Яша Аким мне рассказывал, как он однажды постриг Беллу Ахмадулину.
– У Беллы – как у породистого пса – челка ниже носа. Я завел ее в ванную, накинул полотенце и аккуратно постриг.
Женя
На кухонном столе в вазе – отцветающие хризантемы.
– Увядшие хризантемы, а как прекрасны! – говорю я.
– Наш случай, – говорит Яша.
– Вот обсуждаем, какая у тебя будет пенсия, – сказал папа. – И проживешь ли ты на нее со своими запросами?
– Если не проживу, то возьму котомку и пойду по Руси.
– Ну-ну-ну, – покачал головой Лев. – К чему такой экстрим? Ты всегда сможешь обратиться к своему… отцу.
С утра хотела прокатиться на лыжах, да сильный ветер в окне раскачивал березу: как бы не простудиться. Я долго высматривала в окно какой-нибудь зажигательный пример. Наконец из подъезда вышел человек с лыжами и зашагал пружинящей спортивной походкой. “О!” – я подумала. Тут он замедлил шаг у помойки, открыл крышку, аккуратно положил туда лыжи, закрыл и вернулся домой.
Послала в “Дружбу народов” отрывок из романа “Крио”.
– А что? – сказал Леонид Бахнов. – Мне понравилось. Одно только замечание: уж очень жизнерадостно.
– Да? – говорю упавшим голосом. – Но вообще-то там все умрут в конце концов.
– А это в нашем отрывке? – спросил он с надеждой.
Мой приятель Коля Шаров:
– Я по кладбищу вижу, что все живы…
На собрании глав отделов московского представительства “Сохнут”, рассказывала мне Дина Рубина, один высокопоставленный чиновник в своей речи о сложившейся ситуации заметил, что спасти положение может только чудо.
Кто-то крикнул с галерки:
– Но время библейских чудес миновало, и Красное море вряд ли расступится.
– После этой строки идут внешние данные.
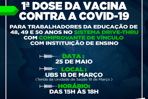 A última semana do mês de maio começa com a vacinação contra a Covid-19 dos profissionais da educação com 49 anos ou mais que acontece nesta terça-feira (25). Professores, Pedagogos, Merendeiras, Zeladoras e demais trabalhadores que atuam dentro das escolas devem levar algum comprovante de vínculo com a instituição de ensino para receber a vacina contra a Covid-19.
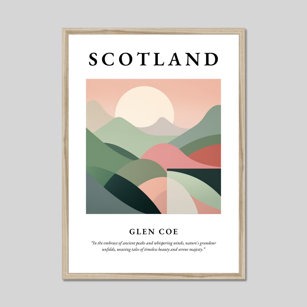 The poster features the word “SCOTLAND” in bold, capturing attention and evoking a sense of pride and nostalgia for those who cherish this enchanting land. Below, a stunning minimalist painting of Glen Coe unfolds. Soft, harmonious shapes and colours merge to convey the serene and timeless beauty of the ancient peaks. The gentle interplay of hues captures the essence of nature’s grandeur, inviting contemplation and appreciation from art lovers and Scotland enthusiasts alike.
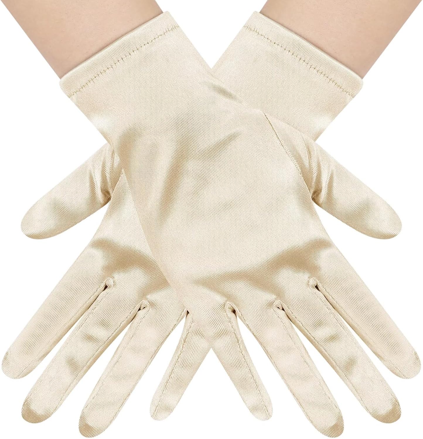 Women's Short Satin Gloves Wrist Length Opera Tea Party Gloves for Wedding Bridal Prom Banquet Costume
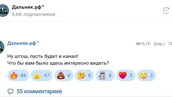 Если честно, то до сих пор не понятно накой это придумали ВК и что с этим делать. спустя это время хотелось-бы обратную связь от вас. Интересует несколько вопросов: 1. Как часто вы не замечаете публикации на стене группы по сравнению с нашим каналом? 2. Какая информация для канала и для стену в приоритете? 3. Если в канале будет много публикаций - это будет напрягать или нет? 4. Есть мысли в канале публиковать вопли помощи и другую чрезвычайно важную информацию, а хохмы и развлечения перенести на стену. 5. Может вообще его нафиг закрыть? Кто не понял про что идет речь, то вот ссылка на наш канал ВК: https://vk.com/im/channels/-230745358
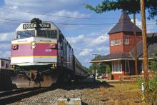 Previous Next Photo By Rich Bowes MBTA 1056 EMD F40PH-2C Franklin Branch Walpole MA with unknown train Year 1995 Original Date 7/1/95 Location Walpole MA Subject(s) Foreign Power on Conrail Collection CRHS Conrail Photo Archive Contributions
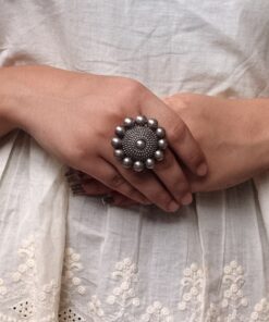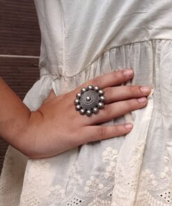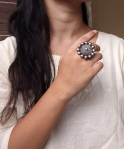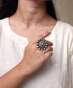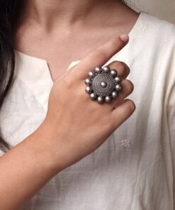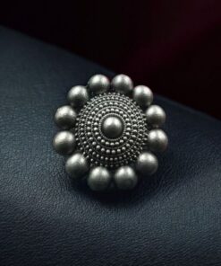 Add a graceful touch of tradition to your everyday look with our Traditional Round Design Oxidized Ring. Crafted with intricate detailing and a classic ethnic appeal, this Round Design Ring beautifully showcases the timeless artistry of traditional jewelry. The oxidized silver replica finish gives it a rich, antique look, making it a perfect accessory for women who appreciate subtle elegance paired with cultural charm.

– Дети мои, – вздохнул докладчик, – если мы не будем верить в чудеса – нам пиздец.
Почём полумесяц?
Даур не одобрял собратьев по перу, погруженных в русскую национальную идею, львиную долю своей жизни проводивших в буфете ЦДЛ. Ему казалось, что антисемитизм подрывает их здоровье.
– Взялись бы соревноваться: кто лучше пишет, кто больше издается! – говорил он. – Затеяли бы борьбу за сферы влияния, если им кажется, что самое лучшее захватили евреи! Они же в отместку просто напиваются и разлагаются. Вот, например, в Сухуме – там не национальность ставится во главу угла, а только сухумский ты или не сухумский. Сухумский – это человек, который где-то побывал и там проявил себя. Он может быть знаменитостью, небожителем или горьким пьяницей, великим деятелем или отшельником, отринувшим земные дела, но к ним – одинаковое отношение.